# How many people here prefer ITB mixing to OTB



## tehguit (Jul 19, 2009)

Now i know this is always a touchy topic, but maybe with this forum being moderated for flaming and trolling maybe we can get some results!!

Now previously i hadn't had the oppurtunity to mix OTB (aside from live which i still can't make my mind up... if its a permanent install then i think i prefer analog, just because i like things i can touch, but if its a setup and then op, then digital because it saves SO much time) aside from my little soundcraft mixer which isn't really that great.

Just recently i've gotten a job as an engineer at a commercial studio with an SSL. My god its nice to play with knobs and switches again.

That being said, i still actually like the sheer range of plugins and things i can do in digital. All in all i think a hybrid will always be the best, but if i had to choose between ITB and OTB... i honestly don't know what i'd choose. I'd probably go OTB, but only if i had a nice selection of outboard, i think stacking the same quality on each channel sometimes isn't the best thing, i like variety. 

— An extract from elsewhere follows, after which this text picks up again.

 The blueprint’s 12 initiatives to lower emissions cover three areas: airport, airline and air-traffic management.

But thats me. What about you guys?


----------



## immortalgropher (Feb 16, 2010)

I agree. Hybrid FTW!

I mainly mix ITB though, so you kinda become accustomed to it after a while. However touchin' stuff is nice.


----------



## chonc (Jun 9, 2009)

mmmm.... my fast answer would be Hybrid... the variety of plugins and a nice desk with an assortment of premium outboard gear... that's what platinum is made of!!

I really think there are a lot of nice plugins that rival some outboard processing or even surpass it.

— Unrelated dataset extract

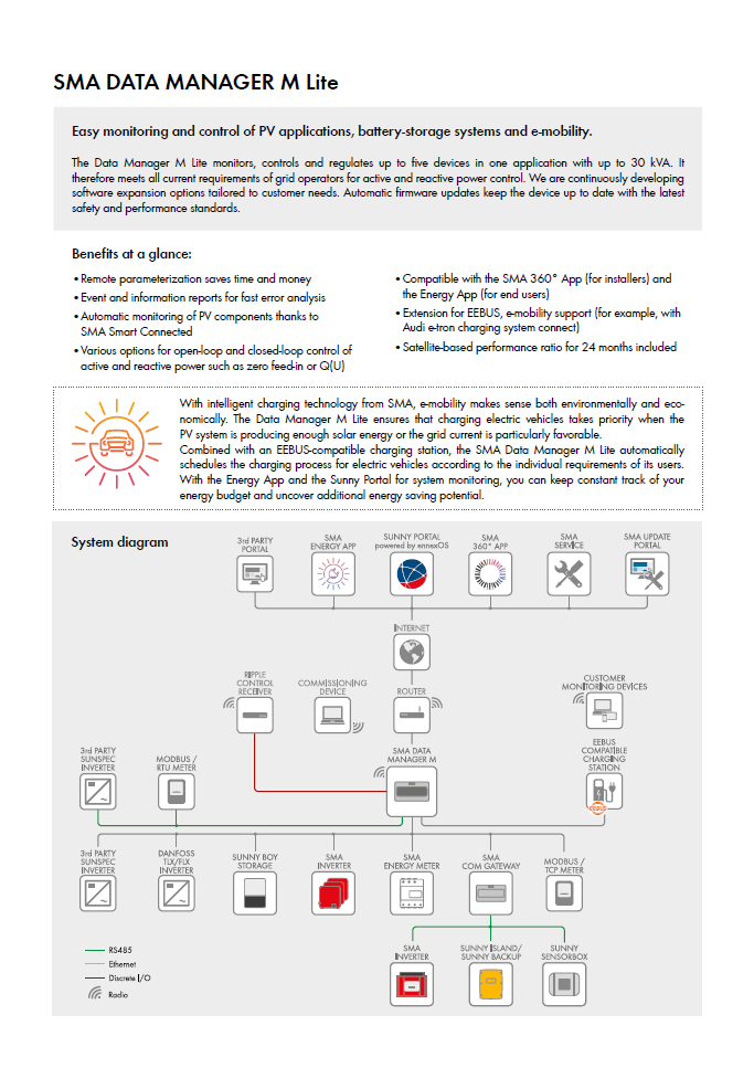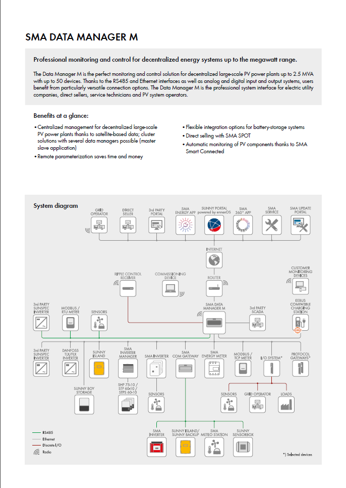 In combination with the Sunny Portal powered by ennexOS, the Data Manager M enables monitoring, management, and grid-compliant power control in decentralized PV systems. Thanks to flexible expansion options, the Data Manager M is already well-equipped for business models in the energy market of the future. The Data Manager M is the ideal professional system interface for electric utility companies, direct sellers, service technicians, and PV system operators.

What I don't like about ITB mixing is all the bussing and routing in the digital domain degrades the quality of the sound... that's what I hear anyway.

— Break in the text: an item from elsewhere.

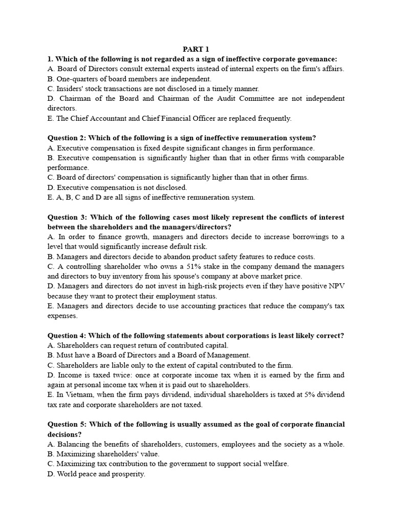 1. Which of the following is not regarded as a sign of ineffective corporate govemance:

So give me a discreet out for every channel feed it to a nice desk! doesn't matter if you are pre-processing a channel with plugins. I think that is still what sets studios and project studios aside!!

That said... I currently do all my music mixes ITB. That's the way things roll now... If I had only a chance (or a budget)...

Now for post production mixing (i.e. film) I don't think I have heard any amazing sound mixed ITB... I don't really like Icon Mixing.... again I think summing signals in a computer (and you have a LOT of signals for a film mix) doesn't sound quite right...


----------



## tehguit (Jul 19, 2009)

Actually sort of off the main topic, but if anyone has a suggestion of a nice analogue desk (32 channels plus to actually do most modern mixes) for under 50 grand please speak up!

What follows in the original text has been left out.